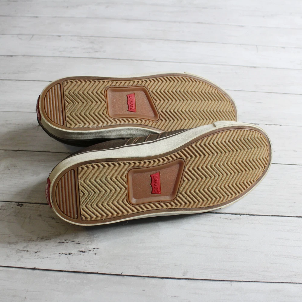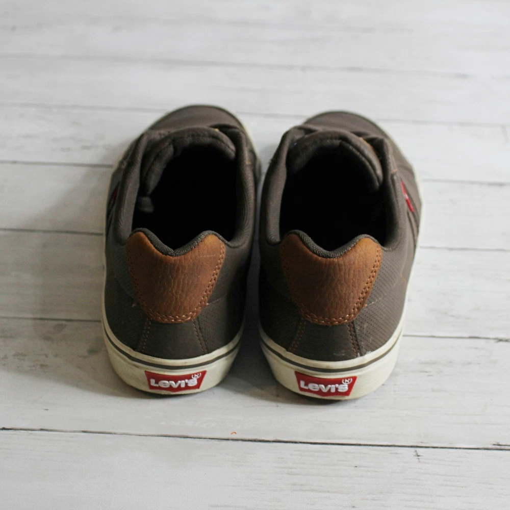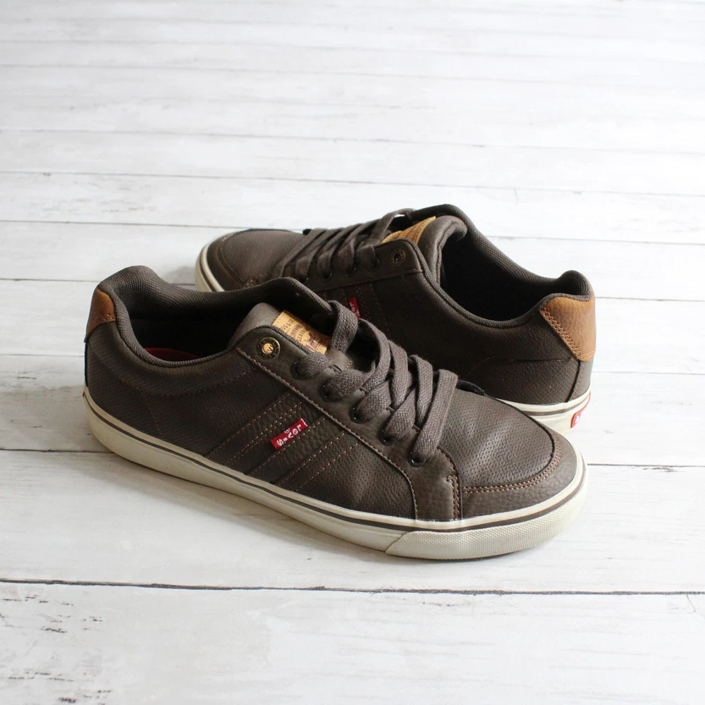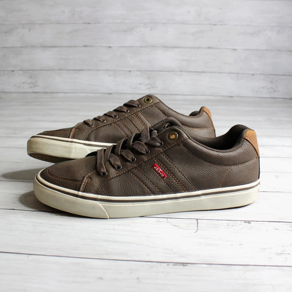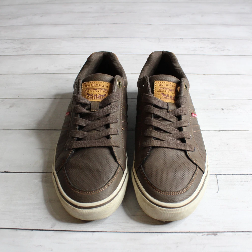 Levi Strauss & Co Casual Shoes Comfort Lace Up Men's Size 8.5 These casual sneakers are cark brown with metal eyelets and brown shoelaces. The outsoles are an off white color. They were only worn a couple of times and are in excellent used condition with very slight smudges/scuffs.
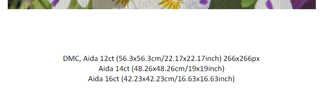 -New: Cover page shows variants of your pattern in 12ct, 14ct, 16ct AIDA - in each case the size is calculated in cm/inch,
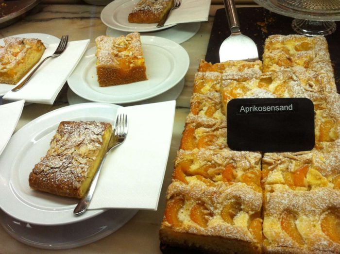 Green velour chairs and highly polished table tops are accompanied by the slightly annoying, yet familiar exchange of having to decide which cake or torte you’d like from a superb selection, depleting by the minute, just out of sight in the chilled counter. They aren’t reliably listed on a menu, so it’s a memory game, as you dart from your chair, back to the table and the hovering host with notepad poised, but its all part of the fun. Carefully tended by curious and smiling staff, house and regional specialities, such as Hazelnut Cake (Haselnuss Spezial Torte) and an Apricot Sponge Tray Cake (Aprikosen Sandkuchen), sit alongside undeniable German classics at Café Jansen.
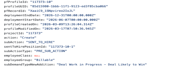 Followed by Resource allocation date should be sent with CandidateType as 'EXTERNAL_HIRE'.
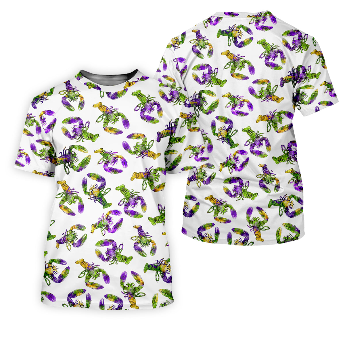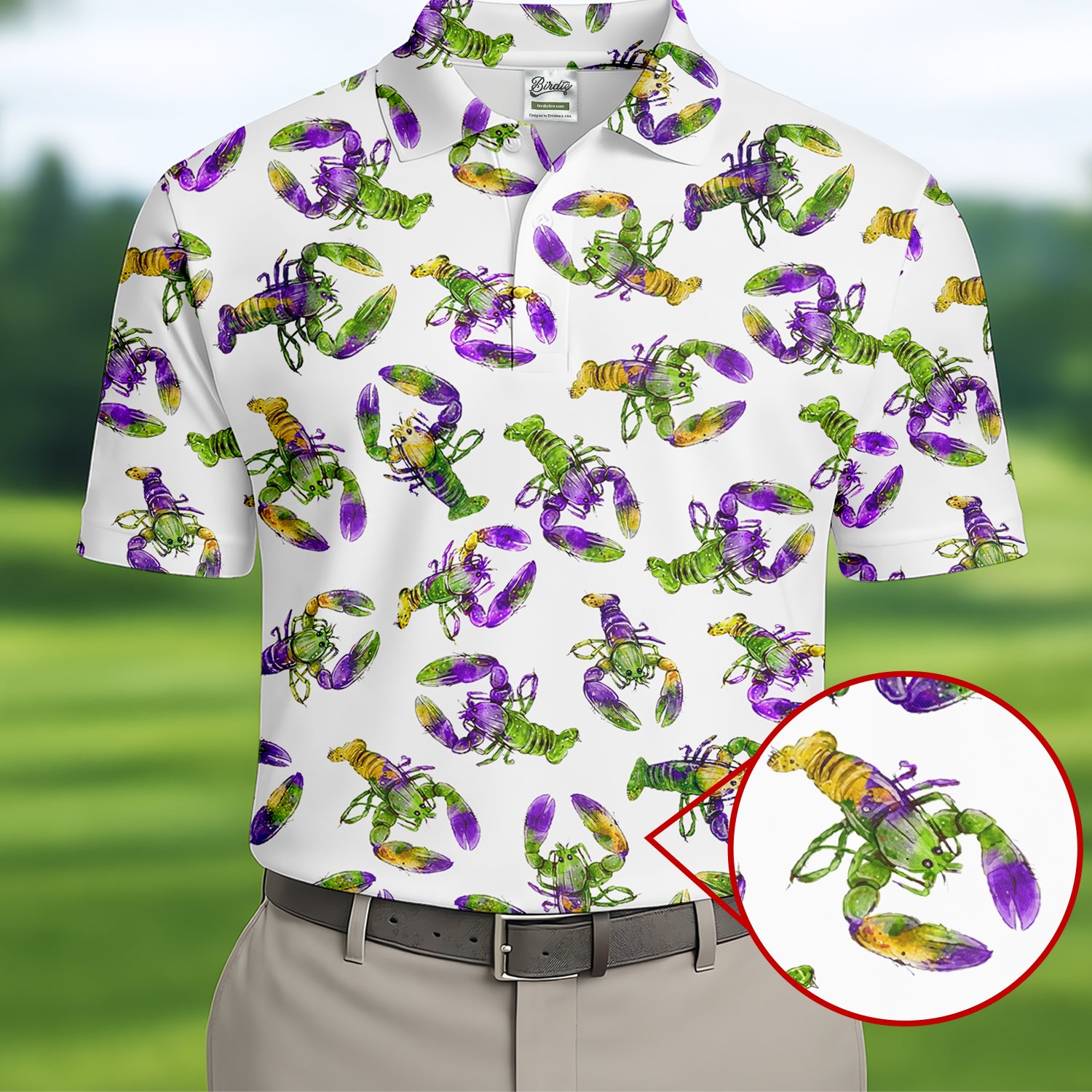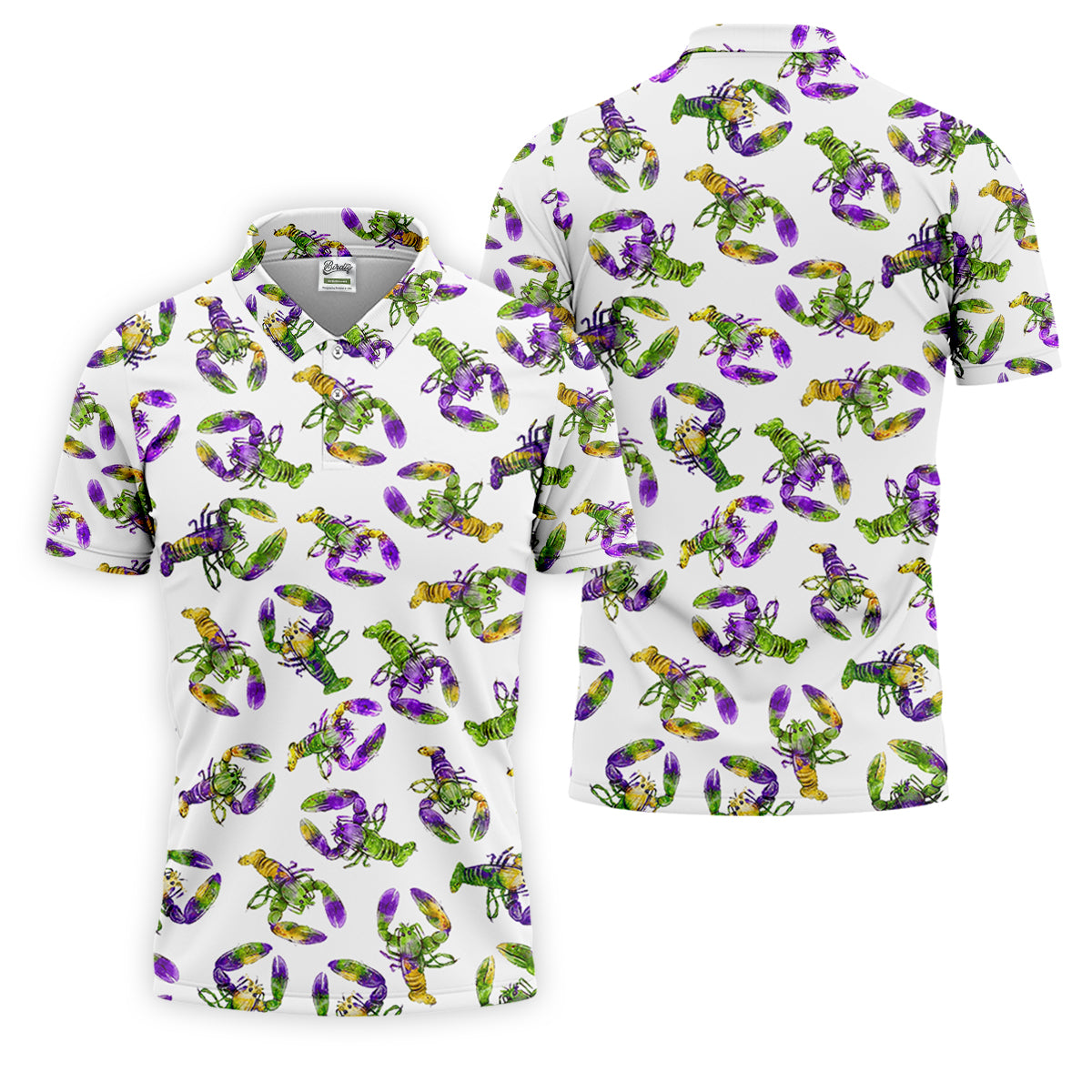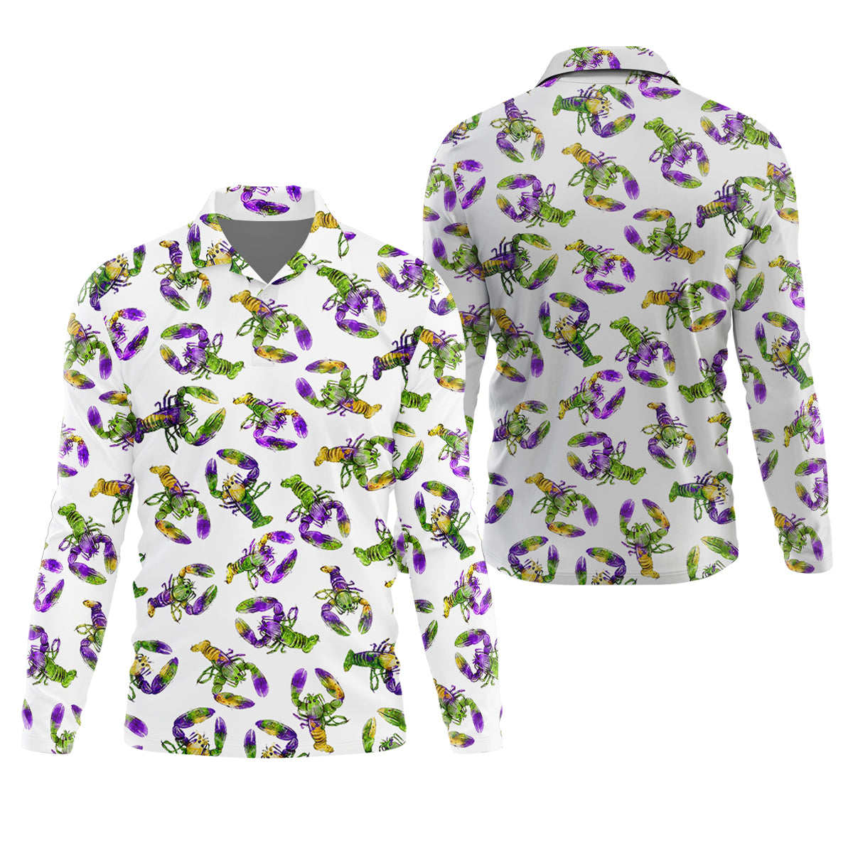 Purple Green Gold Crawfish Pattern Mardi Gras Golf Shirt, Polo Shirts For Men, Golf Shirts For Men
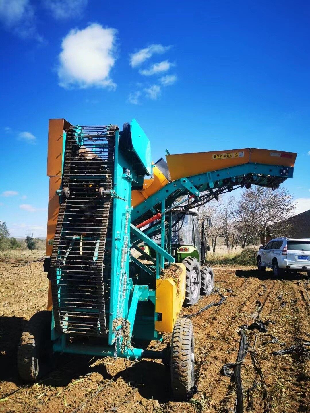 两行甜菜联合收获机,50马力拖拉机即可使用,每天作业60亩左右。四行甜菜联合收获机,120马力以上拖拉机使用,每天可作业100多亩。

◆ ◆ ◆ ◆ ◆

**Assigned task**. Nothing should appear in the reply except the lines from the start of the listing above through the line with "-New: Cover page", repeated exactly and free of pictures.

**Exercise output**.
 Levi Strauss & Co Casual Shoes Comfort Lace Up Men's Size 8.5 These casual sneakers are cark brown with metal eyelets and brown shoelaces. The outsoles are an off white color. They were only worn a couple of times and are in excellent used condition with very slight smudges/scuffs.
 -New: Cover page shows variants of your pattern in 12ct, 14ct, 16ct AIDA - in each case the size is calculated in cm/inch,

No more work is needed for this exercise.